Effect of chelerythrine against endotoxic shock in mice and its modulation of inflammatory mediators in peritoneal macrophages through the modulation of mitogen-activated protein kinase (MAPK) pathway.

机构信息

School of Medicine, Xi'an Jiaotong University, No. 76 Western Yanta Road, Xi'an City, Shaanxi Province 710061, People's Republic of China.

出版信息

Inflammation. 2012 Dec;35(6):1814-24. doi: 10.1007/s10753-012-9502-1.

Abstract

A quaternary benzo [c] alkaloid chelerythrine (CHE), which is a traditional herbal prescription, has been used for the treatment of various inflammatory diseases. To gain insight into the anti-inflammatory effect and molecular mechanisms underlying the anti-inflammatory activity of CHE, we used experimentally induced mice endotoxic shock moled and lipopolysaccharide (LPS)-induced murine peritoneal macrophages to examine the anti-inflammatory function of CHE. CHE displayed significant anti-inflammatory effects in experimentally induced mice endotoxic shock model in vivo through inhibition of LPS-induced tumor necrosis factor-alpha (TNF-α) level and nitric oxide (NO) production in serum. Additionally, our data suggest that CHE treatment inhibits LPS-induced TNF-α level and NO production in LPS-induced murine peritoneal macrophages through selective inhibition of p38 mitogen-activated protein kinase (MAPK) and extracellular signal-regulated protein kinases 1 and 2 (ERK1/2) activation.
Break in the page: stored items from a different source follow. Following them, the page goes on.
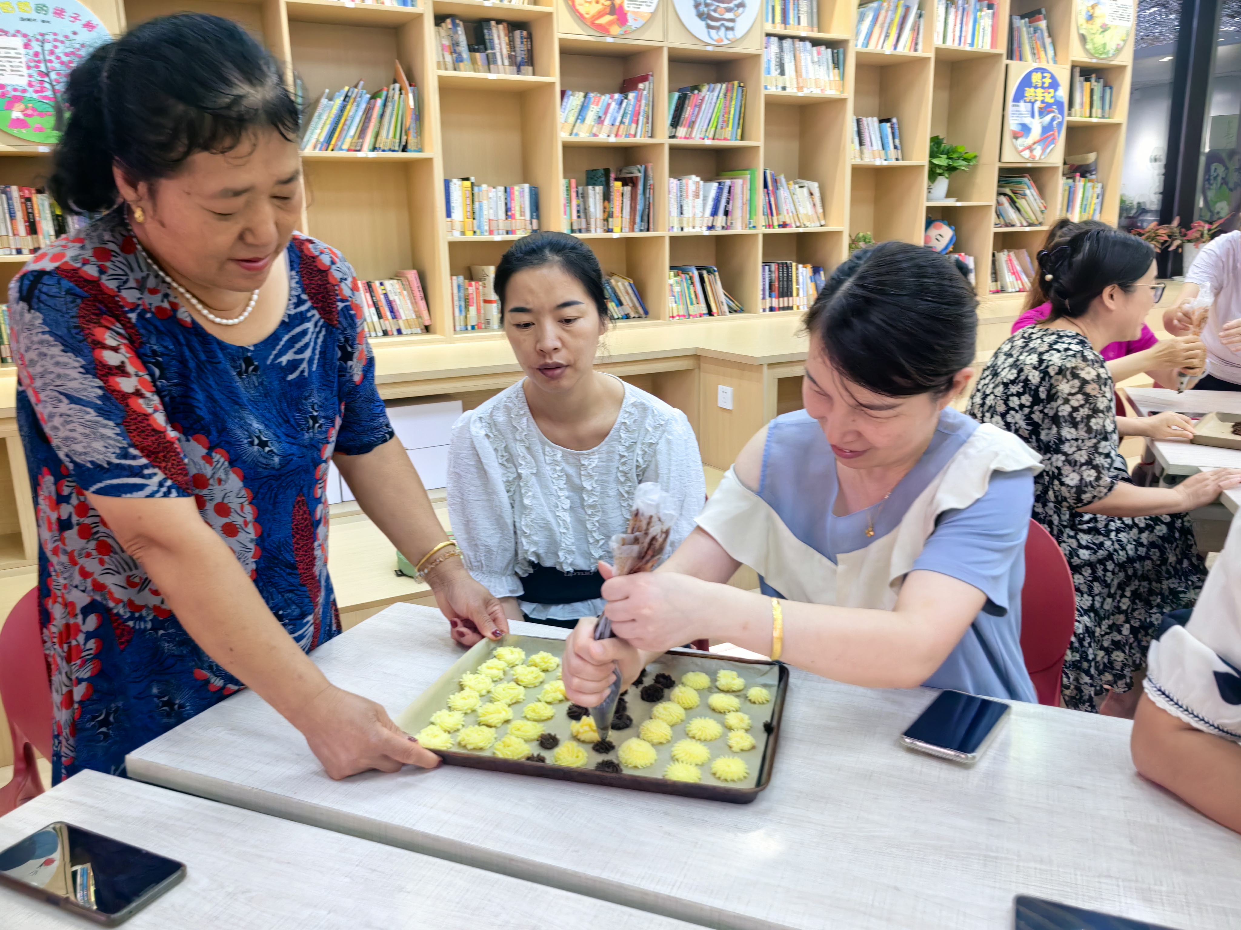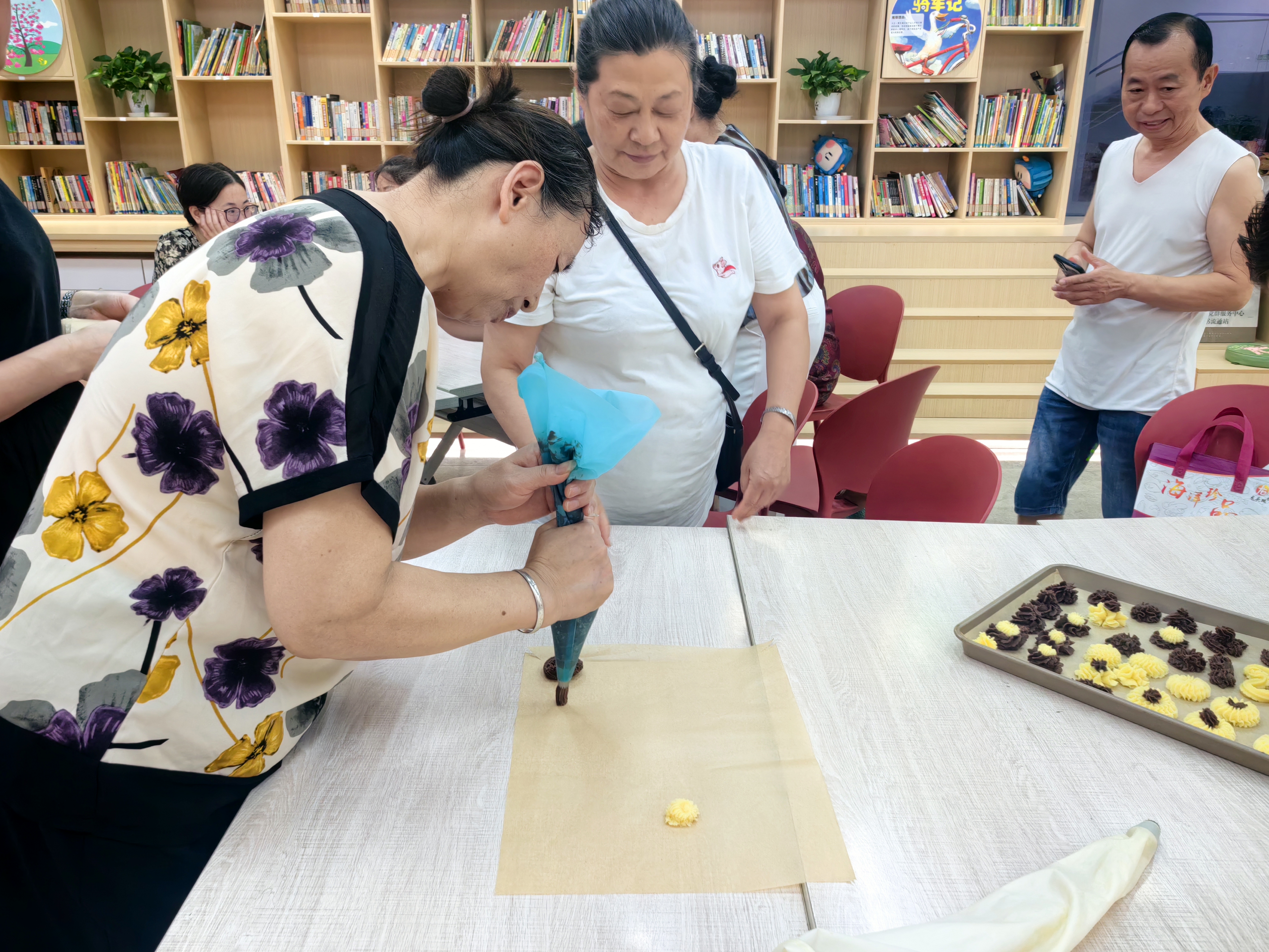課堂上,老師介紹了制作曲奇餅干過程中所需食材、設(shè)備和工具,現(xiàn)場演示制作過程。大家認真地學習,個個躍躍欲試,在老師的指導下,居民朋友們興致勃勃地開始動手制作屬于自己的獨特曲奇餅干。將黃油和白糖攪拌均勻,倒入低筋面粉、糖粉、奶粉,攪拌均勻,把面糊裝入安有裱花嘴的裱花袋中,在烤盤中擠出曲奇花紋。經(jīng)過一道道工序和居民們一絲不茍的創(chuàng)作,一盤盤金黃酥脆的曲奇餅干新鮮出爐。大家是第一次做曲奇,在嘗到了親手制作的美味可口的曲奇后,大家臉上洋溢著幸福甜蜜的笑容。
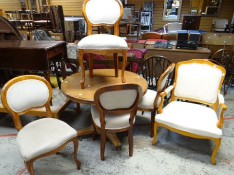 Mixed wood circular breakfast table together with set of four spoon-back dining chairs and open arm elbow chair (6)
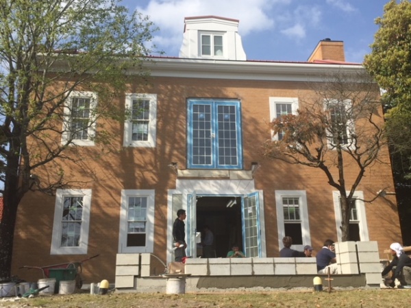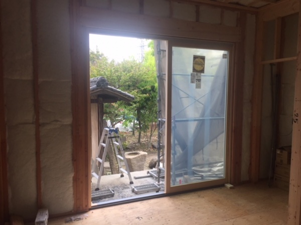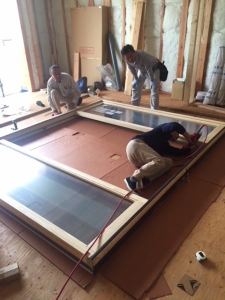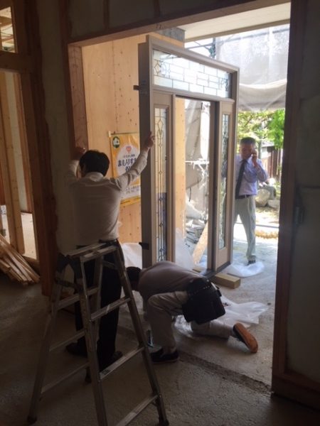 K邸に大型木製サッシが2箇所と玄関ドアが現場搬入され、組み立て取り付けでした。圧倒的な存在感です。広縁などは大人4,5人で抱える重さです。空間全体がしまります。家のデザインは生活、外観、空間、インテリアをトータルでバランスよく作ることです。オーナーであれ、ひとつ二つにしか目が行かない人がとやかくいうとひどい家になります。大工や、職人、サッシ業者、工務店社長・・・・みんなが手伝い取り付け後、笑顔で満足できる存在感です。いつも現場では職人さんに感謝です。東京からわざわざ来てくれた人や、空調屋も駆けつけてくれました。みんなで作り上げるものです。
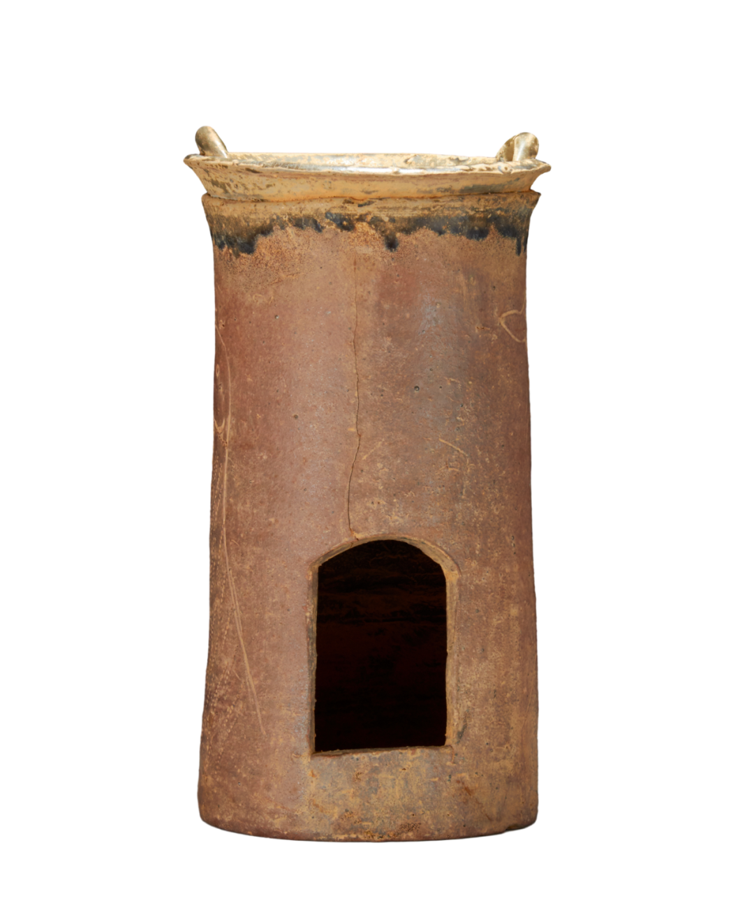 这件邛崃窑酱釉茶鍑及风炉将风炉和茶鍑合为一体,不可拆分。风炉呈直筒状,略高,平底,砖红色胎。腹部开炉门,炉门为壸门式。炉门两侧各刻划半身鸭子,形态自然,活泼可爱。茶鍑折沿,浅弧腹,口沿有两环形耳。炉身不施釉,茶鍑及炉口沿施黄褐色釉。
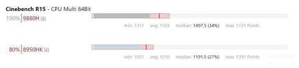 IT之家参照权威外媒NoteBookcheck的CineBench R15跑分库发现,同为8核16线程的i9-9880H平均分为1497.5分,最高分为1721分。
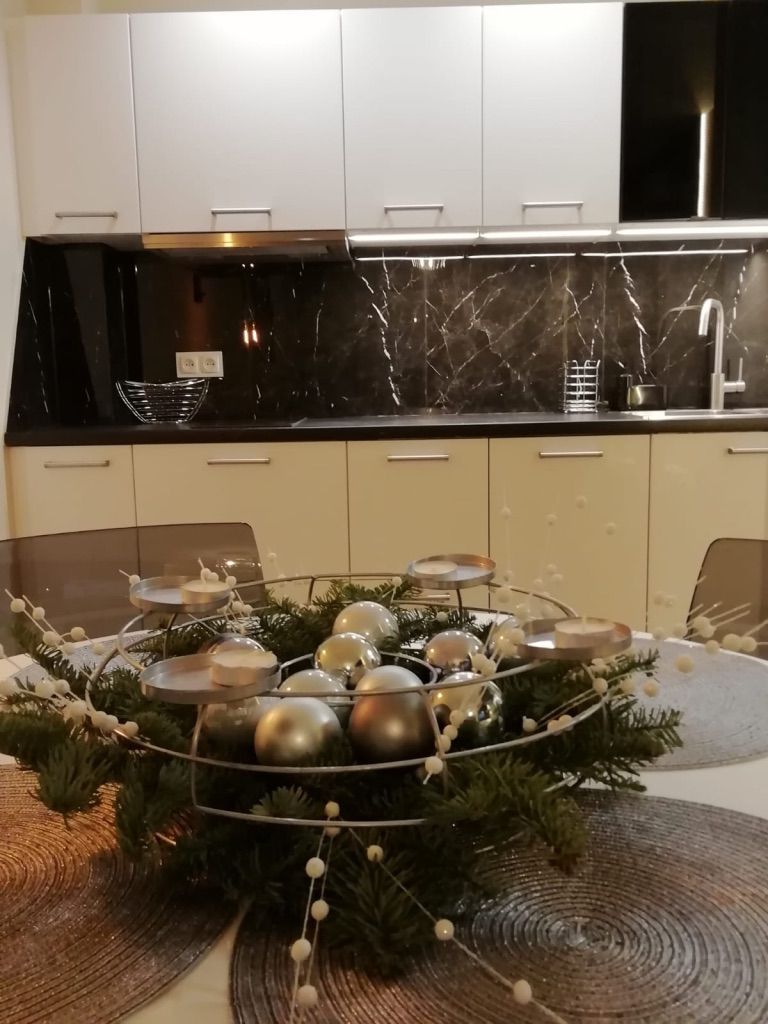 Aneks kuchenny wyposażony : płyta indukcyjna, piekarnik, zmywarka, lodówka, czajnik elektryczny,  naczynia, garnki, sztućce .
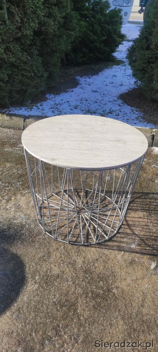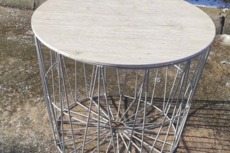 STOLIK METALOWY Z DEWNIANYM BLATEM
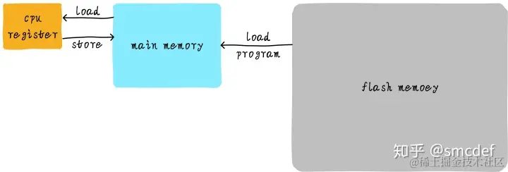 我们应该知道程序是运行在 RAM之中,RAM 就是我们常说的DDR(例如: DDR3、DDR4等)。我们称之为main memory(主存)。当我们需要运行一个进程的时候,首先会从磁盘设备(例如,eMMC、UFS、SSD等)中将可执行程序load到主存中,然后开始执行。在CPU内部存在一堆的通用寄存器(register)。如果CPU需要将一个变量(假设地址是A)加1,一般分为以下3个步骤:
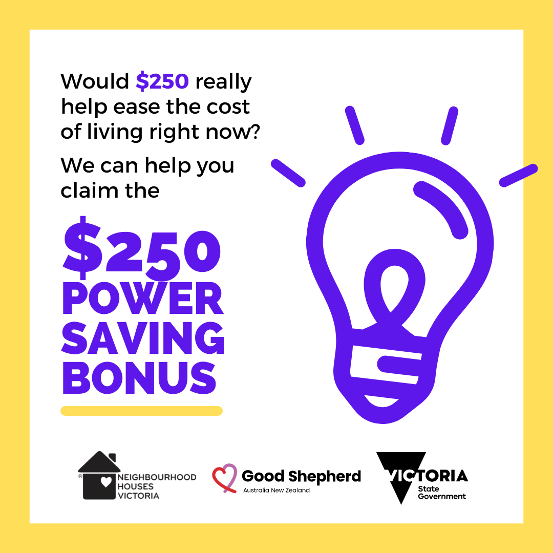 Eligible households can apply for the new $250 Power Saving Bonus now. Applications are open from 1 July 2022 until 30 June 2023. The Bonus is available to all Victorians households who visit the Victorian Energy Compare website or engage with an energy affordability service through one of our participating community outreach partners.
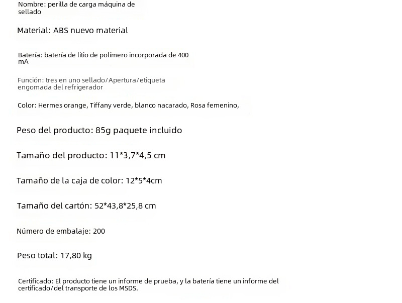 | Color | Hermes naranja,Tiffany Verde,Chica Rosa,Blanco nacarado,Piedra Negro |
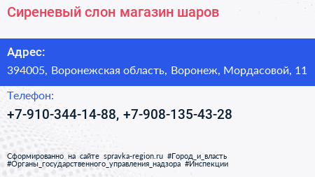 Сиреневый слон, магазин шаров по адресу 394005, Воронежская область, Воронеж, Мордасовой, 11 в дальнейшем Организация, размещена в следующих категориях:
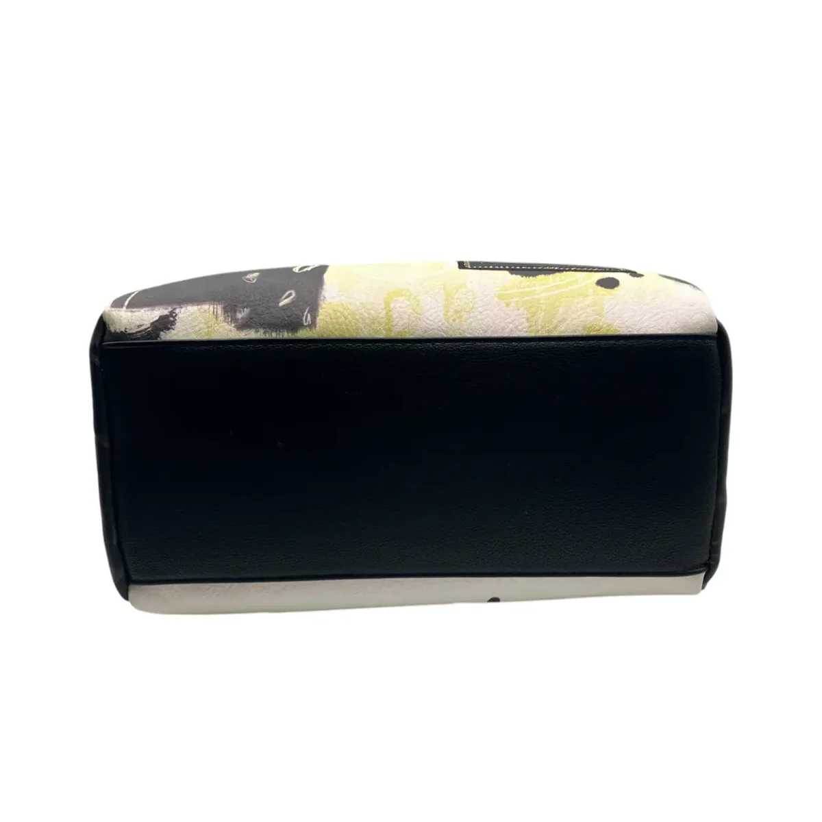 Tracolla rimovibile in pelle vegana e tessuto di poliestere leggermente imbottito e foderato multicolore. Doppia faccia. Due tasche esterne con cerniere. Due scomparti centrali con cerniere. Rifiniture in metallo Zamac. Misure: altezza 19 cm, larghezza 27 cm, profondità 13 cm.
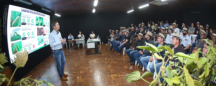 As cultivares de soja existentes com a tecnologia RR de 1ª geração não controlam essa lagarta, e o monitoramento minucioso ajuda na identificação da espécie. “É preciso saber qual lagarta está na lavoura para direcionar o manejo. Sempre reforçamos a importância do Manejo Integrado de Pragas (MIP). No futuro devemos ter algo mais digital, mas ainda o que traz resultados é o bom e velho pano de batida para verificar se é a rachiplusia nu ou chrysodeixis”, explica o engenheiro agrônomo, Lucas Gouveia Vilela Esperandino, da gerência de Assistência Técnica da Coamo.
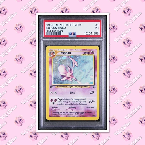 PSA 1 Espeon 1/75 1st Edition Neo Discovery 2001 Holo TCGKITTEN
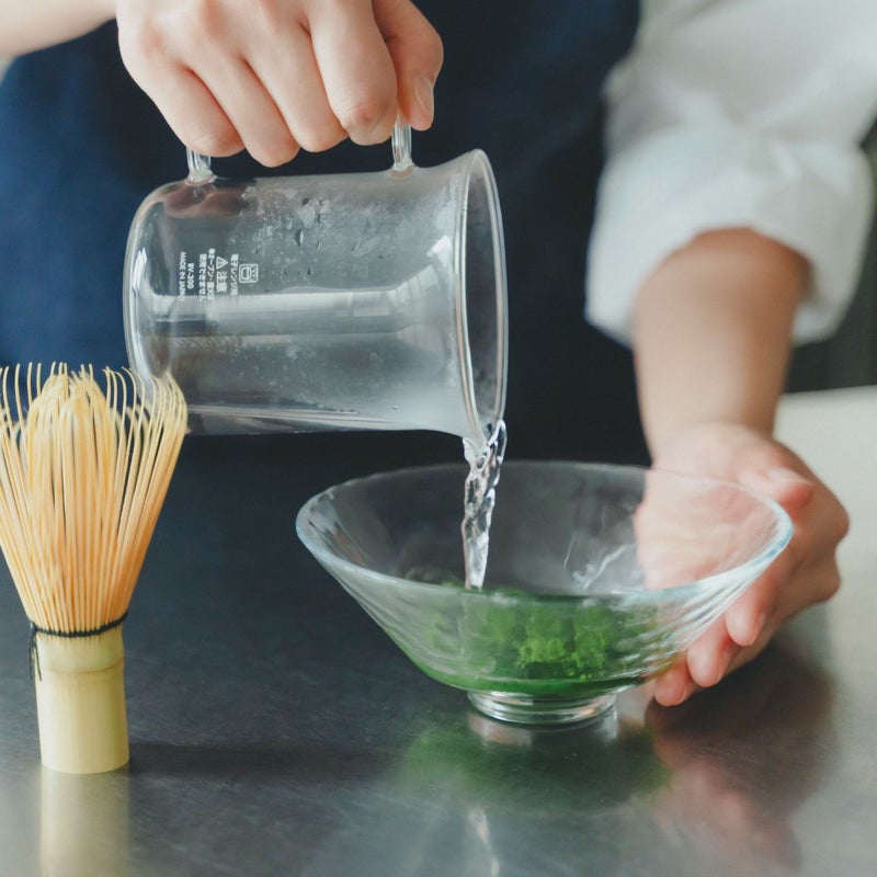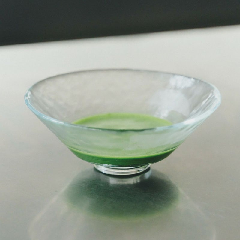 透明感の美しいガラスの抹茶碗は、ご自宅のキッチンやダイニングテーブルでお洒落に抹茶ライフが楽しめます。
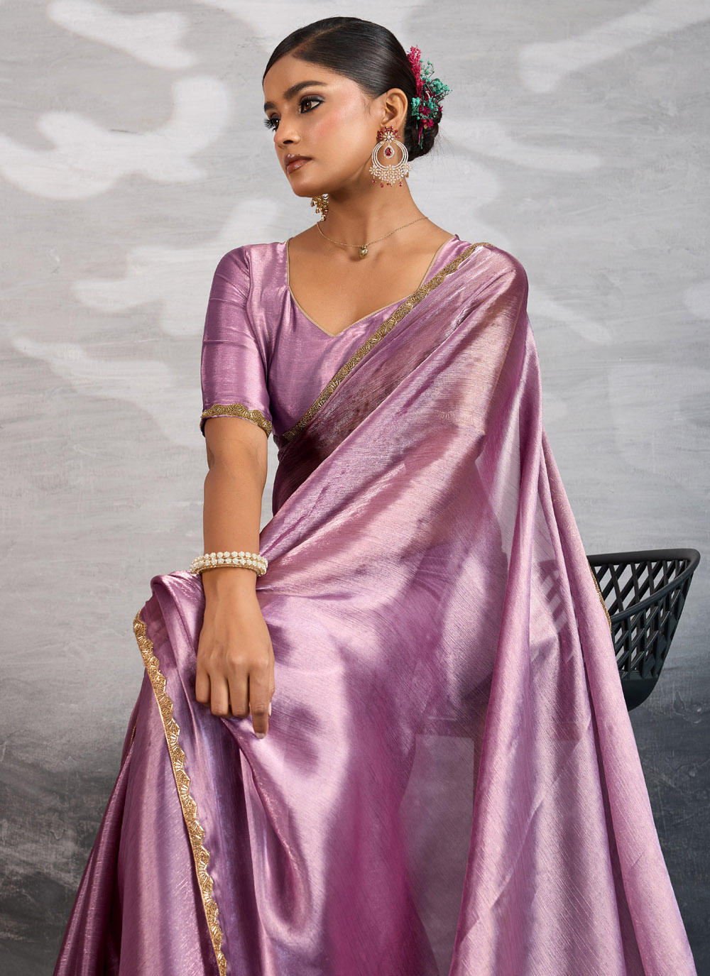 Grace every celebration in this enchanting Lavender Burberry Chiffon Saree, adorned with delicate beads and shimmering cut dana work. The soft flow of chiffon, paired with a contrasting patch border, creates a perfect balance of elegance and contemporary flair. Comes with matching blouse.

Moreover, the effects of CHE on NO and cytokine TNF-α production can possibly be explained by the role of p38 MAPK and ERK1/2 in the regulation of inflammatory mediators expression.

摘要

一种季[环]苯并[c]菲里啶( CHE )的生物碱,是一种传统的草药处方,已被用于治疗各种炎症性疾病。为了深入了解 CHE 的抗炎作用和抗炎活性的分子机制,我们使用实验性诱导的内毒素休克模型和脂多糖( LPS )诱导的小鼠腹腔巨噬细胞来研究 CHE 的抗炎功能。 CHE 通过抑制 LPS 诱导的肿瘤坏死因子-α( TNF-α)水平和血清中一氧化氮( NO )的产生,在体内实验性诱导的内毒素休克模型中显示出显著的抗炎作用。此外,我们的数据表明, CHE 通过选择性抑制 p38 丝裂原激活蛋白激酶( MAPK )和细胞外信号调节蛋白激酶 1 和 2 ( ERK1/2 )的激活,抑制 LPS 诱导的 TNF-α水平和 NO 产生。此外, CHE 对 NO 和细胞因子 TNF-α产生的影响可能可以通过 p38 MAPK 和 ERK1/2 在调节炎症介质表达中的作用来解释。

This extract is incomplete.